The rules are effective
for groups with plan years effective beginning July 1, 2002.
However, all groups must comply by January 1, 2003.
Who do the rules apply to?
All group health and
disability plans established or maintained under ERISA (insured
and self-funded).
Are some plans not affected?
Yes, some plans do not
have to comply with these rules. The most common types of plans
that do not have to comply are Governmental Plans and Church
Plans.
Who do the rules affect?
The rule will affect:
- Subscribers and members of
employer benefit plans
- Employers who sponsor employee
benefit plans
- Plan fiduciaries
- TPA's
Who is the "claimant"
in regards to the claim rules?
The claimant is always
the member. A provider of service is not a claimant under these
rules.
Can a member authorize someone
else to represent them?
Yes, a member may appoint
an authorized representative to act on their behalf in pursuing
a benefit claim or appeal. Your plan may require you designate
your authorized representative in writing. An "assignment
of benefits" does not designate a provider of
service as your representative.
What is a Pre-service claim?
A pre-service claim is
any claim, that in order to receive benefits in whole or in
part, must be approved by OSFHP in advance of obtaining the
medical care.
What is a Post-service claim?
A post-service claim is
any claim for benefits where the service has already been
rendered prior to OSFHP being notified.
What is the difference between a
pre-authorization and a referral?
Services that require
pre-authorization must be approved by the Healthplan prior to a
service being rendered in order to be eligible for benefits.
Services that require a referral
must be approved by the PCP prior to a service being rendered in
order to be eligible for benefits.
For specific information on which
services require a pre-authorization or a referral, please see
your policy and procedure manual.
If a claim is denied for no
authorization or referral by OSFHP, can the member be balanced
billed?
After 7/1/02, if a
provider renders services to an OSFHP member without verifying a
required pre-authorization or referral has been obtained, they
will not be able to bill a member for any charges not paid by
the Plan.
Are other payors affected by the
DOL ERISA claims rules?
All payors are affected
by the new law, but that doesn't mean that all carriers may
comply in the same manner. If you deal with multiple carriers,
you should contact those carriers or consult their policy and
procedures manual.
Can I appeal a denied claim on my
patient's behalf?
Under plans governed by
the DOL rules, adverse benefit determinations are to be appealed
by the claimant, unless they appoint an authorized
representative. The provider may be appointed the authorized
representative by the claimant, however, this would require that
all communication be sent to the provider and the provider would
be responsible for keeping the patient informed of the appeal
status/disposition. If you wish to be appointed an authorized
representative, the patient should contact OSHP's member
services department to obtain the proper forms.

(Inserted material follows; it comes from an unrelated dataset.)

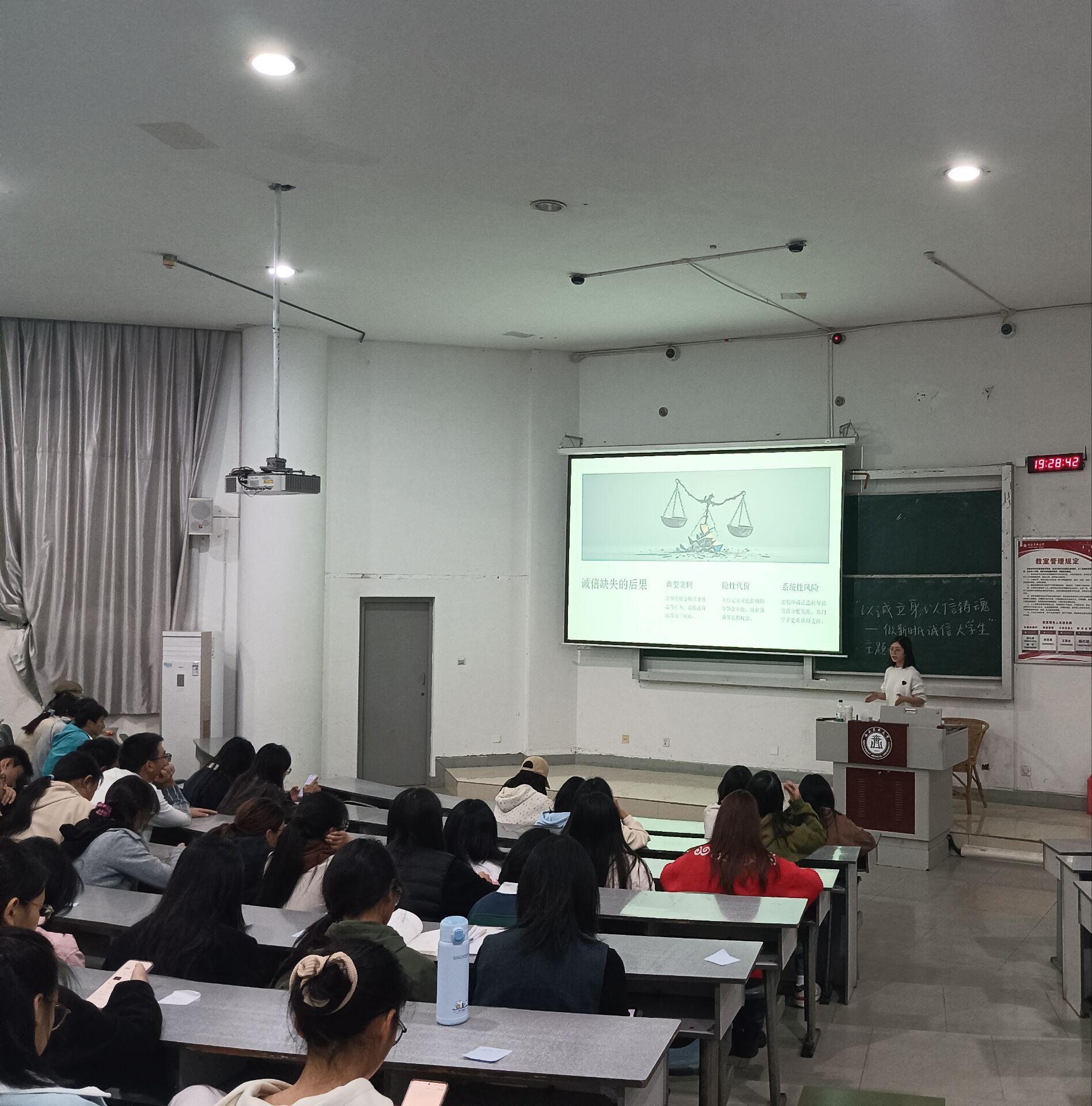 为引导同学们树立诚信意识,涵养诚信品格,争做新时代合格大学生,11月3日,公共卫生学院在明理楼105教室举办了“以诚立身,以信铸魂”主题活动讲座。讲座由学生科辅导员袁子璐主讲,学院共一百余位同学参加。

Where can I find the full text of
the regulation?
To find the full text of
the regulation you can go to the DOL website at click
here,
then select Final Rules. From the list, select Employee
Retirement Income Security Act of 1974; Rules and Regulations
for Administration and Enforcement; Claims Procedure; Final Rule
[11/21/2000].
You can also find additional
information at the same website address, after you select Final
Rules select Employee Retirement Income Security Act of 1974;
Rules and Regulations for Administration and Enforcement; Claims
Procedure; Final Rule [07/09/2001].
A FAQ document can be found here.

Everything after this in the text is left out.